_DATA EXCERPTS:_
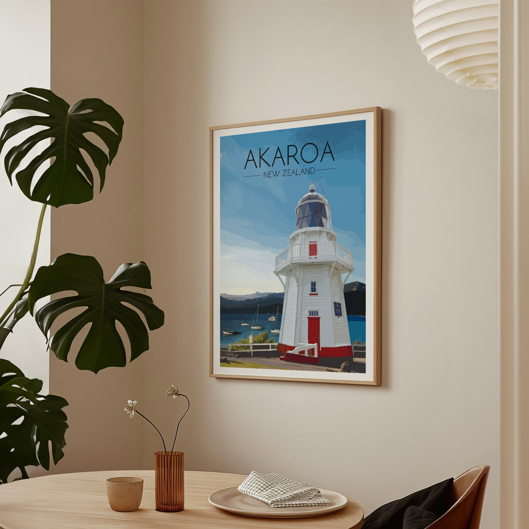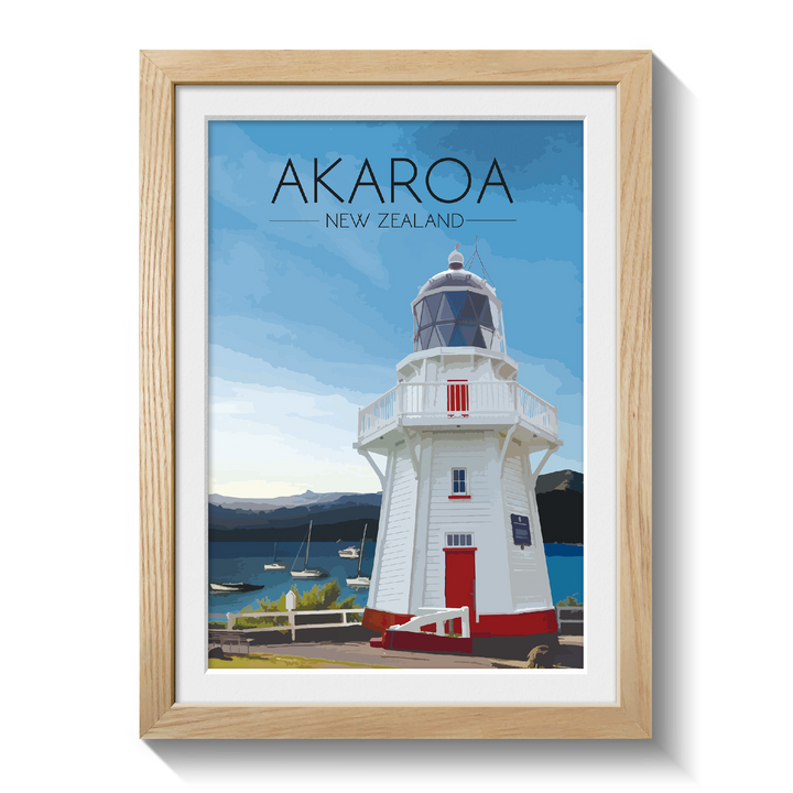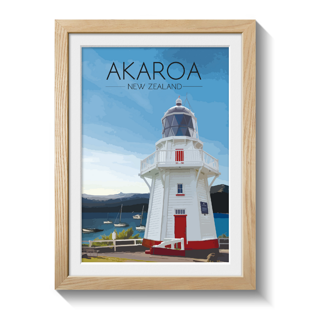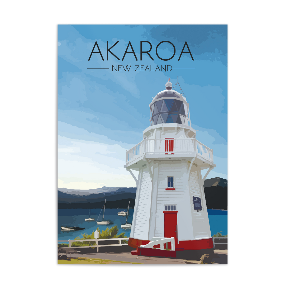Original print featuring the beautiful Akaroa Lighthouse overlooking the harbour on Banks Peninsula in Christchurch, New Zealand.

--

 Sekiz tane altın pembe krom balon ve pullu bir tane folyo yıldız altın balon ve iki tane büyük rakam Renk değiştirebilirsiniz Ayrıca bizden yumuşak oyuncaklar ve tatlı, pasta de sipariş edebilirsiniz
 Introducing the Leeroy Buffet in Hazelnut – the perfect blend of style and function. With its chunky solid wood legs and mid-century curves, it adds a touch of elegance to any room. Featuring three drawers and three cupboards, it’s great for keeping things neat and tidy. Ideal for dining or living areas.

_WHAT YOU SHOULD DO:_
Reproduce exactly the entries above, limited to the lines from the one with "Sekiz tane altın" through the one with "Introducing the Leeroy", both included.

_RESPONSE:_
 Sekiz tane altın pembe krom balon ve pullu bir tane folyo yıldız altın balon ve iki tane büyük rakam Renk değiştirebilirsiniz Ayrıca bizden yumuşak oyuncaklar ve tatlı, pasta de sipariş edebilirsiniz
 Introducing the Leeroy Buffet in Hazelnut – the perfect blend of style and function. With its chunky solid wood legs and mid-century curves, it adds a touch of elegance to any room. Featuring three drawers and three cupboards, it’s great for keeping things neat and tidy. Ideal for dining or living areas.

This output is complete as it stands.